The data: section declares data sources for your strategy.

Syntax

Text Only
data:
  <name>: load <format> from <path> [options]

Supported Formats

CSV

Comma-separated values:

Text Only
data:
  prices: load csv from "data/prices.csv"

Expected format:

Text Only
date,AAPL,MSFT,GOOGL
2024-01-02,185.64,374.58,140.25
2024-01-03,184.25,373.31,139.12

Parquet

Apache Parquet (recommended for large datasets):

Text Only
data:
  prices: load parquet from "data/prices.parquet"

Benefits:

  • Columnar storage (efficient for analytics)
  • Compression (smaller file sizes)
  • Type preservation

Arrow

Apache Arrow IPC format:

Text Only
data:
  prices: load arrow from "data/prices.arrow"

Best for:

  • Inter-process communication
  • Zero-copy reads

Data Sources

Local Files

Text Only
data:
  prices: load csv from "data/prices.csv"
  volume: load parquet from "/absolute/path/volume.parquet"
  factors: load csv from "../relative/path/factors.csv"

S3

Text Only
data:
  prices: load parquet from "s3://my-bucket/data/prices.parquet"
  fundamentals: load parquet from "s3://my-bucket/fundamentals.parquet"

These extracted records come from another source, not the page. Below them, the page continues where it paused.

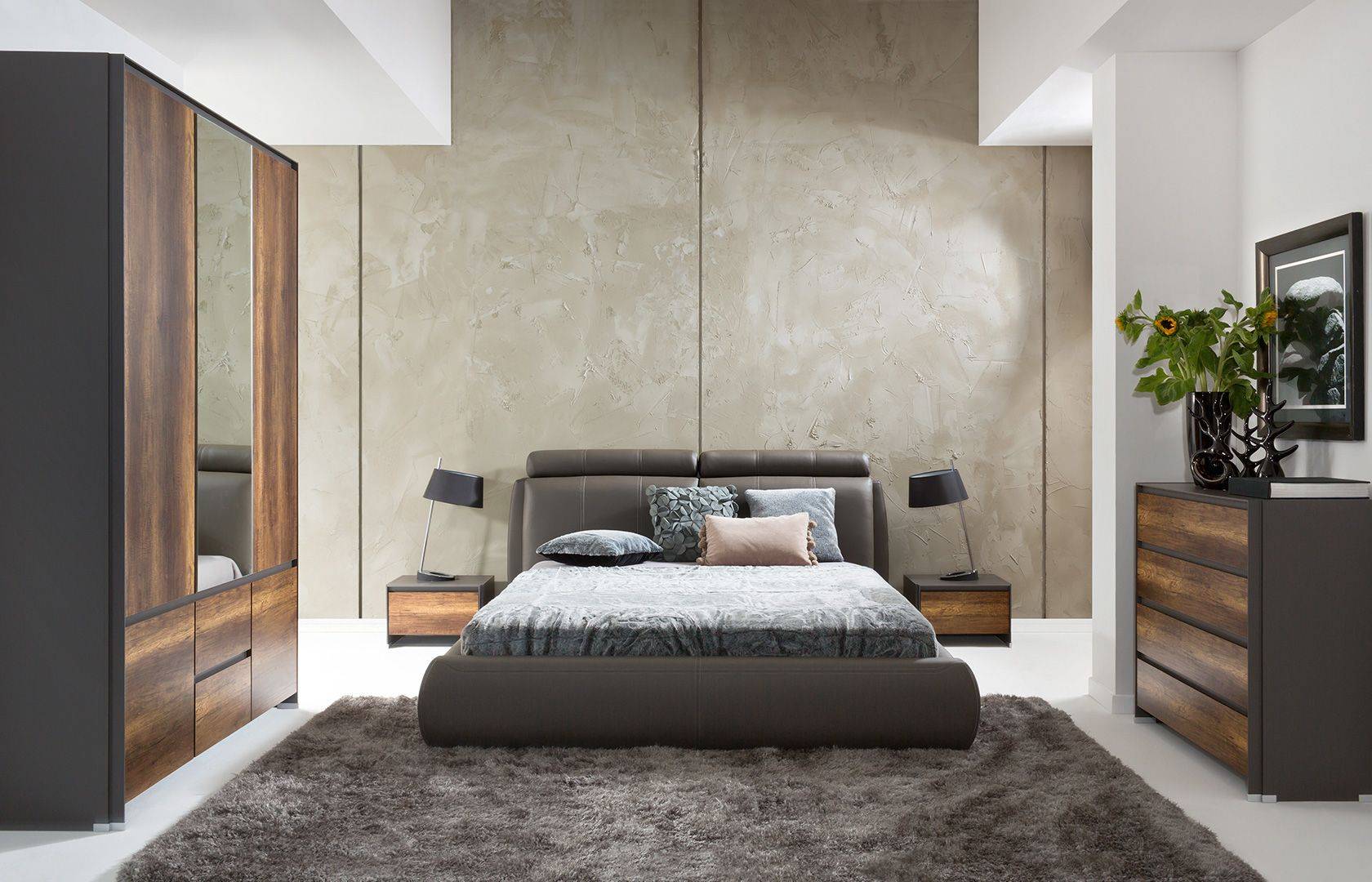 использовать единый цвет для изголовья и тумбы либо противоположные цвета: черный-белый, черный-красный, коричневый-сливочный и т.д.;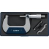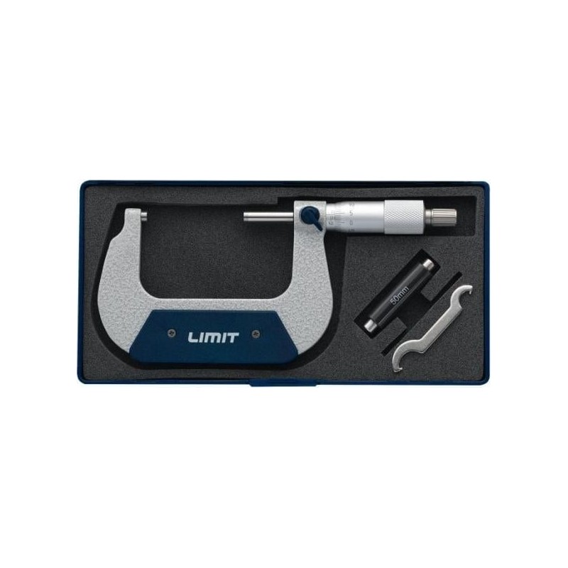 Mikrometer mit geschmiedetem Bügel und mattverchromter Skala, bestimmt für Außenmessungen. Gehärtete Spindel mit einem Durchmesser von 6,5 mm und präzise geläppten Messflächen aus Hartmetall. Mit Hülse mit Reibungskupplung und Feststellhebel. Ausführung gemäß DIN 863....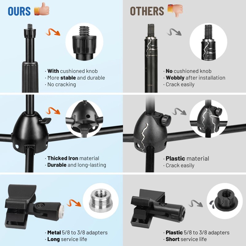 Portable and Easy to Assemble: Our microphone stand is convenient for you to use the microphone stand when going out. The installation manual is attached to the package. You can install and use it quickly within few minutes.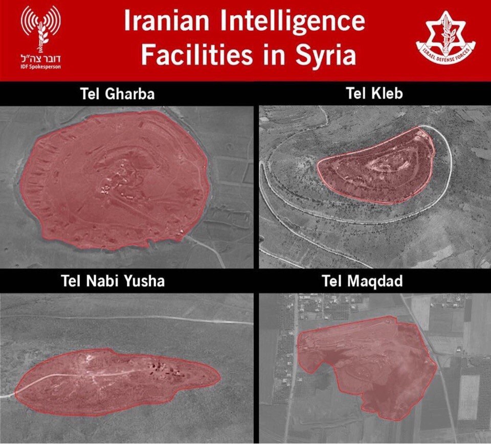 Satelitní fotky iránských objektů v Sýrii, které IDF (izraelské letectvo) a na které Izrael v noci zaútočil 09.05.2018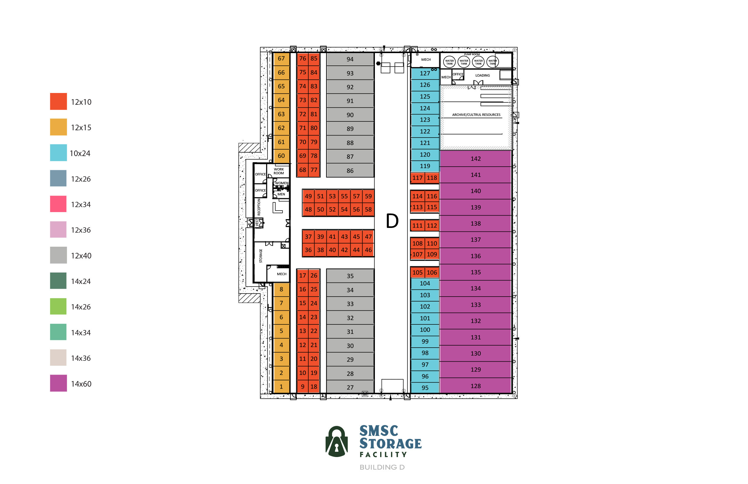 Our facility features flexible sizes ranging from 10′ x 12′ up to 14′ x 60′. However, larger units are rarely available due to high demand. Scroll down to view currently available units.

Set credentials via environment variables:

Bash
export AWS_ACCESS_KEY_ID=your_key
export AWS_SECRET_ACCESS_KEY=your_secret
export AWS_DEFAULT_REGION=us-east-1

Azure Blob Storage

Text Only
data:
  prices: load parquet from "az://container/prices.parquet"

Google Cloud Storage

Text Only
data:
  prices: load parquet from "gs://bucket/prices.parquet"

Options

Price Adjustment

Adjust for corporate actions:

Text Only
data:
  prices: load csv from "data/prices.csv" adjust=split_div

Options:

  • adjust=split - Adjust for stock splits only
  • adjust=split_div - Adjust for splits and dividends
  • adjust=none - No adjustment (default)

Data Type

Specify column data type:

Text Only
data:
  sectors: load csv from "data/sectors.csv" dtype=category

Types:

  • dtype=float64 - Double precision (default for numeric)
  • dtype=float32 - Single precision
  • dtype=int64 - 64-bit integer
  • dtype=category - Categorical data

Date Column

Specify which column contains dates:

Text Only
data:
  prices: load csv from "data/prices.csv" date_col="timestamp"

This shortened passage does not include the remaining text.